Action item => When copying the entries below, leave out every picture and keep the rest exact.
Dataset extract START
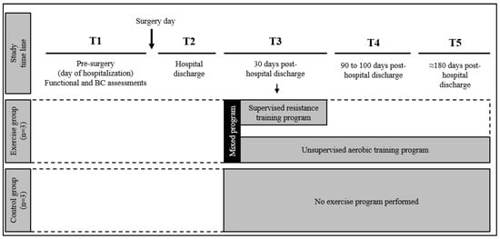 The BIVA follow-up reports a shift to the right after the surgery in both groups, possibly reflecting a reduction in body fluids and BCM (defined as metabolically active tissues in the body including muscle cells, organ cells, blood cells and immune cells) []. The displacements of the vectors that occur in both groups in T3 may be due to an increase in body fluids, while the different behaviors from T3 to T4 would reflect an increase in both body fluids and BCM. Despite the fact that after T3 the exercise program was not supervised and that both groups returned to vector values close to the baseline from T4 to T5, the different vector behavior from T3 to T4 could reflect the beneficial effect of following an exercise program, which could allow a faster recovery compared to the control group.
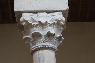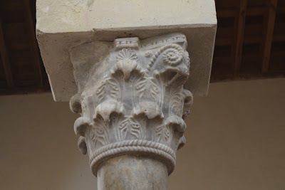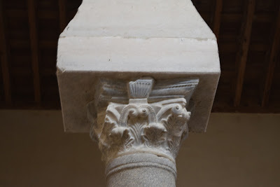 This bracket is doubly wonderful because there was room at the top for a little medieval humility bragging. The letters translate to "Humble Flammola offers this modest gift to God." This gives credence to the "Flammola" reading of the exterior frieze. Many scholars believe this signature is from the ninth or tenth century, which puts me on Seven Noble Knights alert. The name "Flammola" had morphed into "Lambra" by the thirteenth century, when the seven noble knights' legend was first written down. Lambra, the name of the villainess of Seven Noble Knights ! As unusual at it seems today, this name was common in the early Middle Ages, so the Flammola/Lambra who founded or restored this extraordinary church was probably not also the scourge of the heroes in my book. In spite of how close this temple is to Salas and Barbadillo, where the bloody cucumber incident set everything in motion...
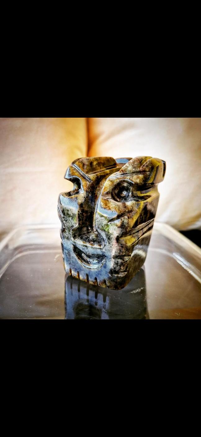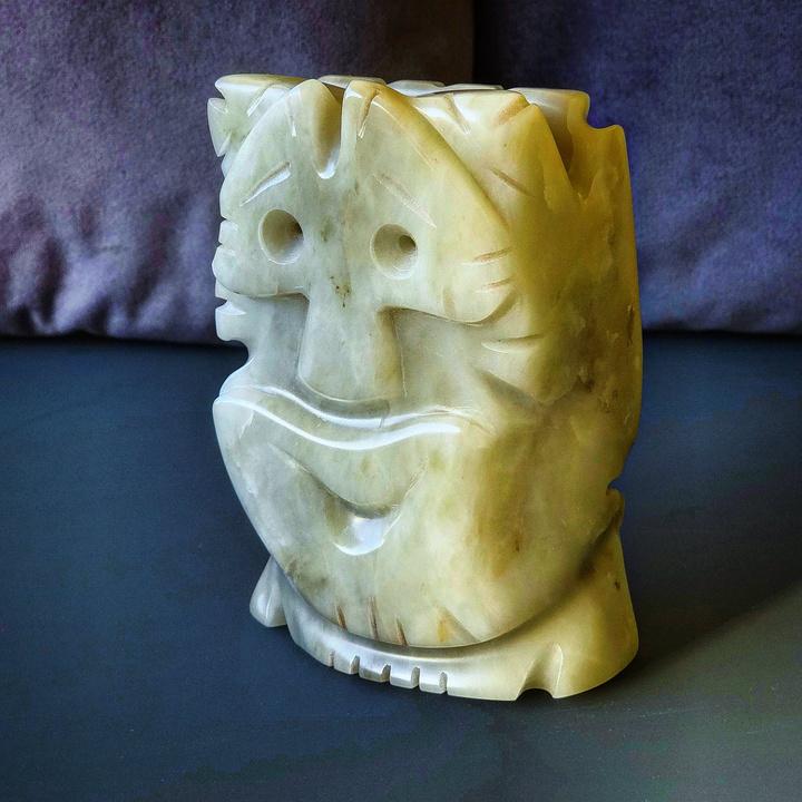 Alex of Artexinia's two soapstone sculptures are small in size but enormous in character. Both present expressive, mask-like faces carved with a directness and energy that feels at once ancient — recalling pre-Columbian or African sculptural traditions — and completely contemporary. The creamy pale stone of Twenty Twenty Sixex / Personality Coachex gives its grinning,wide-eyedfaceanalmostluminousquality,whilethe darker, mottled surface of Nonosexa lends its features a brooding intensity. Together they feel like two sides of a personality — one open and exuberant, one watchful and knowing—andbothareirresistible.
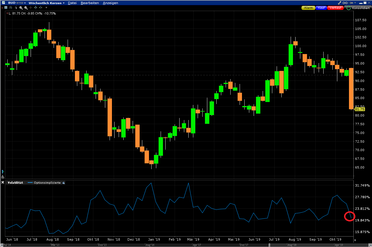 Maria Oktober 26, 2019 vor 42 Minuten von passiv_Investor: IVR 65? Aber sicher nicht mehr nach den Quartalszahlen, oder? Hat heute morgen noch die TWS angezeigt, aber die Werte sind manchmal falsch. Pi mal Daumen würde ich auch denken, dass es nach den Earnings niedriger ist. Allerdings kommt es nach schlechten Earnings oft vor, dass die Volatilität nicht kollabiert, sondern eben wegen dem starken Kursrückgang erhöht bleibt. Diesen Beitrag teilen Link zum Beitrag
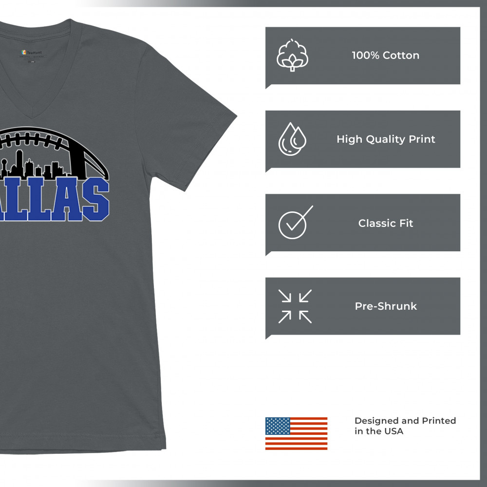 Show off your Dallas pride with a bold football-themed design featuring the city's skyline. Perfect for game days, tailgates, and passionate fans.
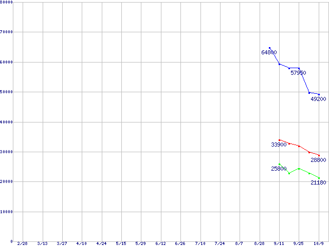 | PATRIOT Extreme Performance Warp Solid State Disk (SSD,3Gb/s,2.5インチ)の最安値推移 | | | (2008年2月28日~2008年10月9日) |
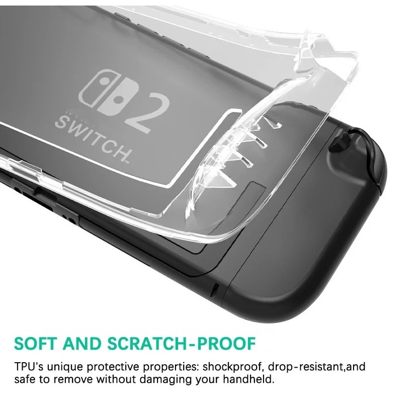 Capa tpu transparente para nintendo switch 2, capa macia à prova de choque, anti-queda
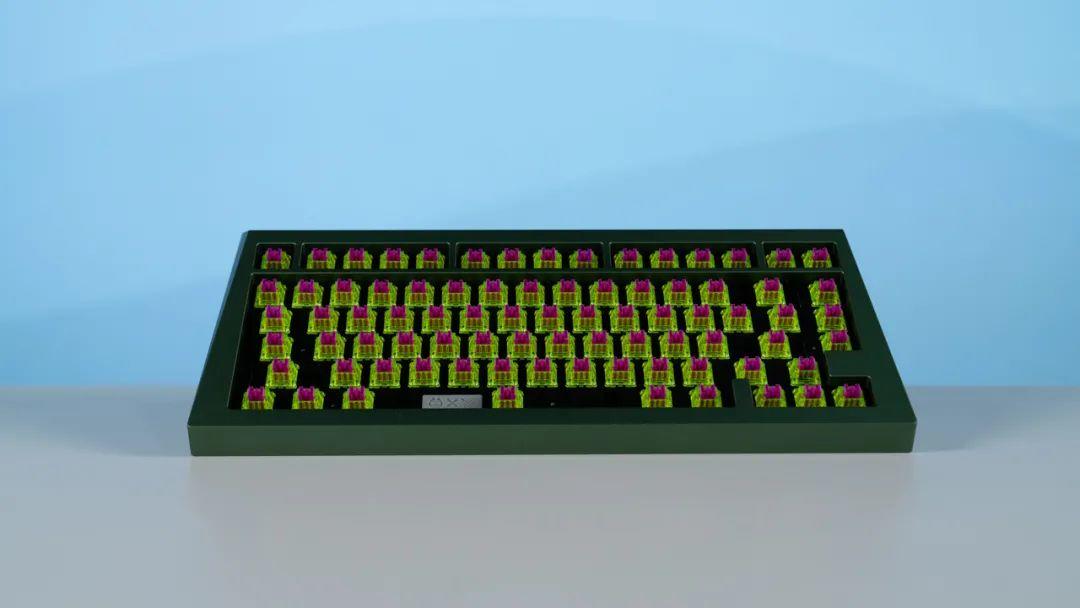 打开箱子映入眼帘的就是套件本体了,我们这款由于是白嫖来的,已经预装了轴体在上面,紫绿紫绿的配色差点让我想起初号机。
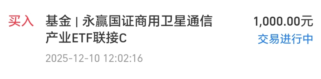 今天我买入$永赢国证商用卫星通信产业ETF发起联接C(OTCFUND|024195)$1000块钱。
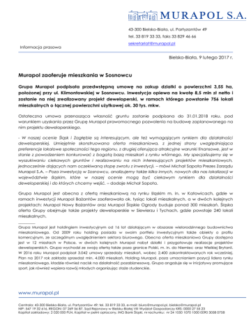 43-300 Bielsko-Biała, ul. Partyzantów 49 tel. 33 819 33 33, faks 33 829 46 66 Informacja prasowa [email protected] Bielsko-Biała, 9 lutego 2017 r. Murapol zaoferuje mieszkania w Sosnowcu Grupa Murapol podpisała przedwstępną umowę na zakup działki o powierzchni 3,55 ha, położonej przy ul. Klimontowskiej w Sosnowcu. Inwestycja opiewa na kwotę 8,5 mln zł netto i zostanie na niej zrealizowany projekt deweloperski, w ramach którego powstanie 756 lokali mieszkalnych o łącznej powierzchni użytkowej ok. 30 tys. mkw. Ostateczna umowa przenosząca własność gruntu zostanie podpisana do 31.01.2018 roku, pod warunkiem uzyskania przez Grupę Murapol prawomocnego pozwolenia na budowę zaplanowanego na nim projektu deweloperskiego. - W naszej ocenie Śląsk i Zagłębie są interesującym, ale też wymagającym rynkiem dla działalności deweloperskiej. Umiejętnie skonstruowana oferta mieszkaniowa, z jednej strony uwzględniająca preferencje lokalowe społeczności tego regionu, z drugiej oferująca atrakcyjne warunki finansowe, jest w stanie z powodzeniem konkurować z bogatą bazą mieszkań z rynku wtórnego. My specjalizujemy się w wyszukiwaniu ciekawych gruntów i realizowaniu na nich interesujących projektów mieszkaniowych, jednocześnie dających nam oczekiwaną stopę zwrotu z inwestycji. – mówi Michał Sapota Prezes Zarządu Murapol S.A. – Poza inwestycją w Sosnowcu, analizujemy także kilka innych, nowych dla nas lokalizacji w województwie śląskim, które w naszej ocenie mogą być ciekawym rynkiem dla działalności deweloperskiej i do których chcemy wejść. – dodaje Michał Sapota. Grupa Murapol jest obecna z ofertą mieszkaniową na rynku śląskim m. in. w Katowicach, gdzie w ramach inwestycji Murapol Bażantów zaoferowała ok. tysiąc lokali mieszkalnych, a w dwóch kolejnych projektach: Murapol Nowy Bażantów oraz Murapol Śląskie Ogrody buduje ponad 300 mieszkań. Śląska oferta Grupy obejmuje także projekty deweloperskie w Siewierzu i Tychach, gdzie powstaje 240 lokali mieszkalnych. ________ Grupa Murapol jest holdingiem inwestycyjnym od 16 lat działającym w obszarze wielorodzinnego budownictwa mieszkaniowego. Od 2009 roku holding posiada w swoim portfelu inwestycyjnym także obiekty o profilu komercyjnym, ze szczególnym uwzględnieniem sektora biurowego. Obecna oferta mieszkaniowa Grupy dostępna jest w 12 miastach w Polsce, w dwóch kolejnych Murapol nabył działki i przygotowuje realizacje projektów deweloperskich. Grupa wychodzi ze swoją ofertą także poza granice Polski, m. in. do Niemiec oraz Wielkiej Brytanii. W 2016 roku Murapol podpisał 3.042 umowy sprzedaży mieszkań, wobec 2.400 zakontraktowanych rok wcześniej. Plan na 2017 rok zakłada sprzedaż min. 4.000 mieszkań. Holding Murapol, poza umacnianiem pozycji lidera rynku mieszkaniowego, kładzie również nacisk na działalność pozabiznesową. Grupa angażuje się w inicjatywy promujące sport, jak również wspiera rozwój młodych organizując staże studenckie. www.murapol.pl Centrala: 43-300 Bielsko-Biała, ul. Partyzantów 49; tel. 33 819 33 33, e-mail: [email protected], [email protected] NIP: 547 19 32 616, REGON: 07 269 56 87, Sąd Rejonowy w Bielsku-Białej VIII Wydział Gospodarczy KRS: 0000 27 55 23 Kapitał zakładowy: 2 020 000 PLN, Kapitał w pełni opłacony, ING Bank Śląski, nr rachunku: nr 24 1050 1070 1000 0090 3058 0758 43-300 Bielsko-Biała, ul. Partyzantów 49 tel. 33 819 33 33, faks 33 829 46 66 Informacja prasowa [email protected] Kontakt: Małgorzata Gaborek | Dyrektor ds. Public Relations E: [email protected] | M: 510 896 877 www.murapol.pl Centrala: 43-300 Bielsko-Biała, ul. Partyzantów 49; tel. 33 819 33 33, e-mail: [email protected], [email protected] NIP: 547 19 32 616, REGON: 07 269 56 87, Sąd Rejonowy w Bielsku-Białej VIII Wydział Gospodarczy KRS: 0000 27 55 23 Kapitał zakładowy: 2 020 000 PLN, Kapitał w pełni opłacony, ING Bank Śląski, nr rachunku: nr 24 1050 1070 1000 0090 3058 0758
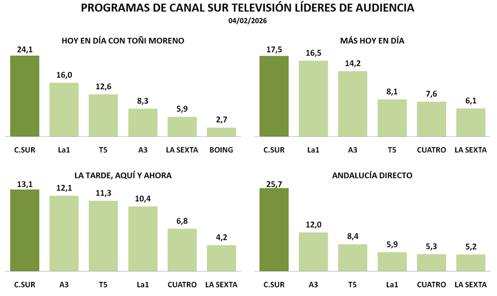 Un total de 2.640.000 andaluces y andaluzas sintonizaron este miércoles 4 de febrero en algún momento con el canal de televisión público andaluz.
Dataset extract END
Answer section =>
 The BIVA follow-up reports a shift to the right after the surgery in both groups, possibly reflecting a reduction in body fluids and BCM (defined as metabolically active tissues in the body including muscle cells, organ cells, blood cells and immune cells) []. The displacements of the vectors that occur in both groups in T3 may be due to an increase in body fluids, while the different behaviors from T3 to T4 would reflect an increase in both body fluids and BCM. Despite the fact that after T3 the exercise program was not supervised and that both groups returned to vector values close to the baseline from T4 to T5, the different vector behavior from T3 to T4 could reflect the beneficial effect of following an exercise program, which could allow a faster recovery compared to the control group.
 This bracket is doubly wonderful because there was room at the top for a little medieval humility bragging. The letters translate to "Humble Flammola offers this modest gift to God." This gives credence to the "Flammola" reading of the exterior frieze. Many scholars believe this signature is from the ninth or tenth century, which puts me on Seven Noble Knights alert. The name "Flammola" had morphed into "Lambra" by the thirteenth century, when the seven noble knights' legend was first written down. Lambra, the name of the villainess of Seven Noble Knights ! As unusual at it seems today, this name was common in the early Middle Ages, so the Flammola/Lambra who founded or restored this extraordinary church was probably not also the scourge of the heroes in my book. In spite of how close this temple is to Salas and Barbadillo, where the bloody cucumber incident set everything in motion...
 Alex of Artexinia's two soapstone sculptures are small in size but enormous in character. Both present expressive, mask-like faces carved with a directness and energy that feels at once ancient — recalling pre-Columbian or African sculptural traditions — and completely contemporary. The creamy pale stone of Twenty Twenty Sixex / Personality Coachex gives its grinning,wide-eyedfaceanalmostluminousquality,whilethe darker, mottled surface of Nonosexa lends its features a brooding intensity. Together they feel like two sides of a personality — one open and exuberant, one watchful and knowing—andbothareirresistible.
 Maria Oktober 26, 2019 vor 42 Minuten von passiv_Investor: IVR 65? Aber sicher nicht mehr nach den Quartalszahlen, oder? Hat heute morgen noch die TWS angezeigt, aber die Werte sind manchmal falsch. Pi mal Daumen würde ich auch denken, dass es nach den Earnings niedriger ist. Allerdings kommt es nach schlechten Earnings oft vor, dass die Volatilität nicht kollabiert, sondern eben wegen dem starken Kursrückgang erhöht bleibt. Diesen Beitrag teilen Link zum Beitrag
 Show off your Dallas pride with a bold football-themed design featuring the city's skyline. Perfect for game days, tailgates, and passionate fans.
 | PATRIOT Extreme Performance Warp Solid State Disk (SSD,3Gb/s,2.5インチ)の最安値推移 | | | (2008年2月28日~2008年10月9日) |
 Capa tpu transparente para nintendo switch 2, capa macia à prova de choque, anti-queda
 打开箱子映入眼帘的就是套件本体了,我们这款由于是白嫖来的,已经预装了轴体在上面,紫绿紫绿的配色差点让我想起初号机。
 今天我买入$永赢国证商用卫星通信产业ETF发起联接C(OTCFUND|024195)$1000块钱。
 43-300 Bielsko-Biała, ul. Partyzantów 49 tel. 33 819 33 33, faks 33 829 46 66 Informacja prasowa [email protected] Bielsko-Biała, 9 lutego 2017 r. Murapol zaoferuje mieszkania w Sosnowcu Grupa Murapol podpisała przedwstępną umowę na zakup działki o powierzchni 3,55 ha, położonej przy ul. Klimontowskiej w Sosnowcu. Inwestycja opiewa na kwotę 8,5 mln zł netto i zostanie na niej zrealizowany projekt deweloperski, w ramach którego powstanie 756 lokali mieszkalnych o łącznej powierzchni użytkowej ok. 30 tys. mkw. Ostateczna umowa przenosząca własność gruntu zostanie podpisana do 31.01.2018 roku, pod warunkiem uzyskania przez Grupę Murapol prawomocnego pozwolenia na budowę zaplanowanego na nim projektu deweloperskiego. - W naszej ocenie Śląsk i Zagłębie są interesującym, ale też wymagającym rynkiem dla działalności deweloperskiej. Umiejętnie skonstruowana oferta mieszkaniowa, z jednej strony uwzględniająca preferencje lokalowe społeczności tego regionu, z drugiej oferująca atrakcyjne warunki finansowe, jest w stanie z powodzeniem konkurować z bogatą bazą mieszkań z rynku wtórnego. My specjalizujemy się w wyszukiwaniu ciekawych gruntów i realizowaniu na nich interesujących projektów mieszkaniowych, jednocześnie dających nam oczekiwaną stopę zwrotu z inwestycji. – mówi Michał Sapota Prezes Zarządu Murapol S.A. – Poza inwestycją w Sosnowcu, analizujemy także kilka innych, nowych dla nas lokalizacji w województwie śląskim, które w naszej ocenie mogą być ciekawym rynkiem dla działalności deweloperskiej i do których chcemy wejść. – dodaje Michał Sapota. Grupa Murapol jest obecna z ofertą mieszkaniową na rynku śląskim m. in. w Katowicach, gdzie w ramach inwestycji Murapol Bażantów zaoferowała ok. tysiąc lokali mieszkalnych, a w dwóch kolejnych projektach: Murapol Nowy Bażantów oraz Murapol Śląskie Ogrody buduje ponad 300 mieszkań. Śląska oferta Grupy obejmuje także projekty deweloperskie w Siewierzu i Tychach, gdzie powstaje 240 lokali mieszkalnych. ________ Grupa Murapol jest holdingiem inwestycyjnym od 16 lat działającym w obszarze wielorodzinnego budownictwa mieszkaniowego. Od 2009 roku holding posiada w swoim portfelu inwestycyjnym także obiekty o profilu komercyjnym, ze szczególnym uwzględnieniem sektora biurowego. Obecna oferta mieszkaniowa Grupy dostępna jest w 12 miastach w Polsce, w dwóch kolejnych Murapol nabył działki i przygotowuje realizacje projektów deweloperskich. Grupa wychodzi ze swoją ofertą także poza granice Polski, m. in. do Niemiec oraz Wielkiej Brytanii. W 2016 roku Murapol podpisał 3.042 umowy sprzedaży mieszkań, wobec 2.400 zakontraktowanych rok wcześniej. Plan na 2017 rok zakłada sprzedaż min. 4.000 mieszkań. Holding Murapol, poza umacnianiem pozycji lidera rynku mieszkaniowego, kładzie również nacisk na działalność pozabiznesową. Grupa angażuje się w inicjatywy promujące sport, jak również wspiera rozwój młodych organizując staże studenckie. www.murapol.pl Centrala: 43-300 Bielsko-Biała, ul. Partyzantów 49; tel. 33 819 33 33, e-mail: [email protected], [email protected] NIP: 547 19 32 616, REGON: 07 269 56 87, Sąd Rejonowy w Bielsku-Białej VIII Wydział Gospodarczy KRS: 0000 27 55 23 Kapitał zakładowy: 2 020 000 PLN, Kapitał w pełni opłacony, ING Bank Śląski, nr rachunku: nr 24 1050 1070 1000 0090 3058 0758 43-300 Bielsko-Biała, ul. Partyzantów 49 tel. 33 819 33 33, faks 33 829 46 66 Informacja prasowa [email protected] Kontakt: Małgorzata Gaborek | Dyrektor ds. Public Relations E: [email protected] | M: 510 896 877 www.murapol.pl Centrala: 43-300 Bielsko-Biała, ul. Partyzantów 49; tel. 33 819 33 33, e-mail: [email protected], [email protected] NIP: 547 19 32 616, REGON: 07 269 56 87, Sąd Rejonowy w Bielsku-Białej VIII Wydział Gospodarczy KRS: 0000 27 55 23 Kapitał zakładowy: 2 020 000 PLN, Kapitał w pełni opłacony, ING Bank Śląski, nr rachunku: nr 24 1050 1070 1000 0090 3058 0758
 Un total de 2.640.000 andaluces y andaluzas sintonizaron este miércoles 4 de febrero en algún momento con el canal de televisión público andaluz.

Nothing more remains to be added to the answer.